Pattern matching with Alternative empty or Applicative pure

Question

I know it is possible, to pattern match against (named) constructors like so:

f1 :: Maybe a -> Bool
f1 Nothing = False
f1 (Just x) = True -- in reality have something that uses x here

f2 :: [a] -> Int
f2 [] = False
f2 x = True

How can I write such a function for general Alternatives similar to

f :: (Alternative m) => m a -> Bool
f empty = False
f x = True

If I try this, I get the error Parse error in pattern: empty. Which makes sense, I guess, as empty as a function here and not a constructor. But how can I accomplish this for general Alternatives idiomatically?

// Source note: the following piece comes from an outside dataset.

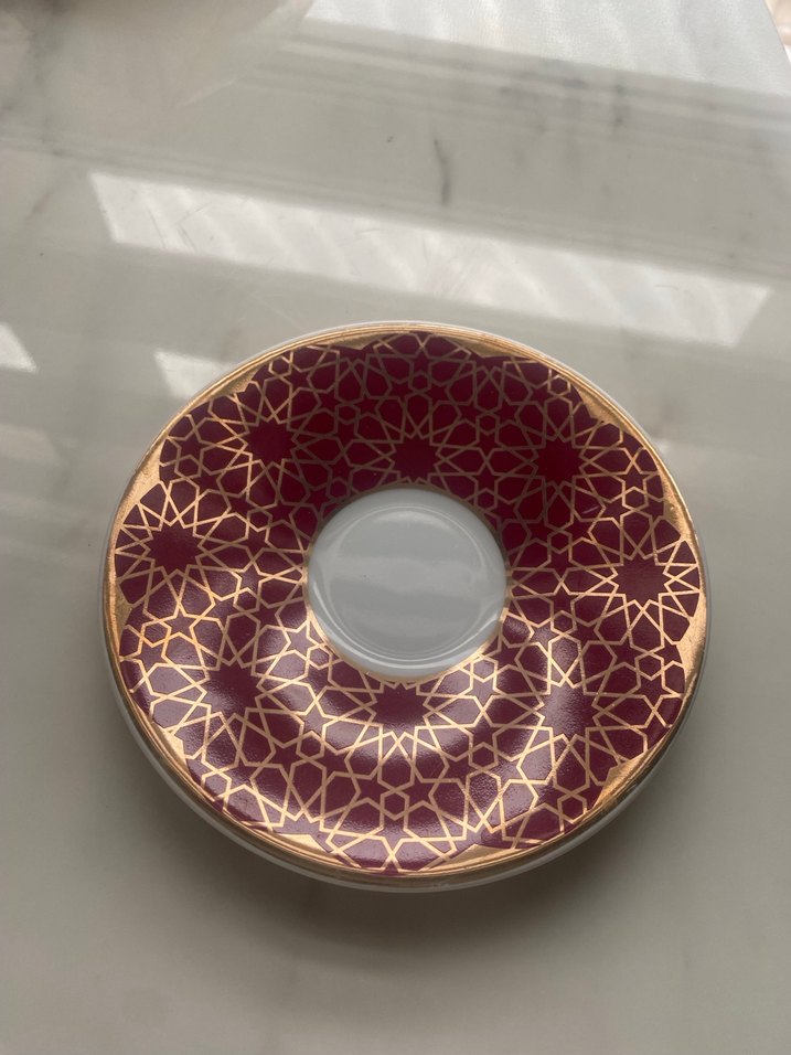 Beyaz ortası ve ince altın geometrik desenli bordo seramik kahve fincanı tabağı. ☕ sadece bir adet tabak yedek parça olarak almak isteyenlere

Edit 1: My actual goal is to define a Monad instance (and probably also a MonadPlus instance) for a custom result type. Instead of the basic Either Error Result type, it should support a Maybe Error (and if possible also other Alternatives like [Error]) as error type and also some Applicative as result type in order to support lazy evaluation, for example with the result type (Maybe Error, [Tokens]) of a tokenizer.

I'd like something similar to

instance (Alterantive mErr, Applicative mRes) => Monad (mErr e, mRes a) where
  return x = (empty, pure x)
  (empty, pure x) >>= f = f x
  (err, x) >>= f = (err, x)

Answer 1

The best you can do is:

f :: (Eq (m a), Alternative m) => m a -> Bool
f x | x == empty = False
    | otherwise = True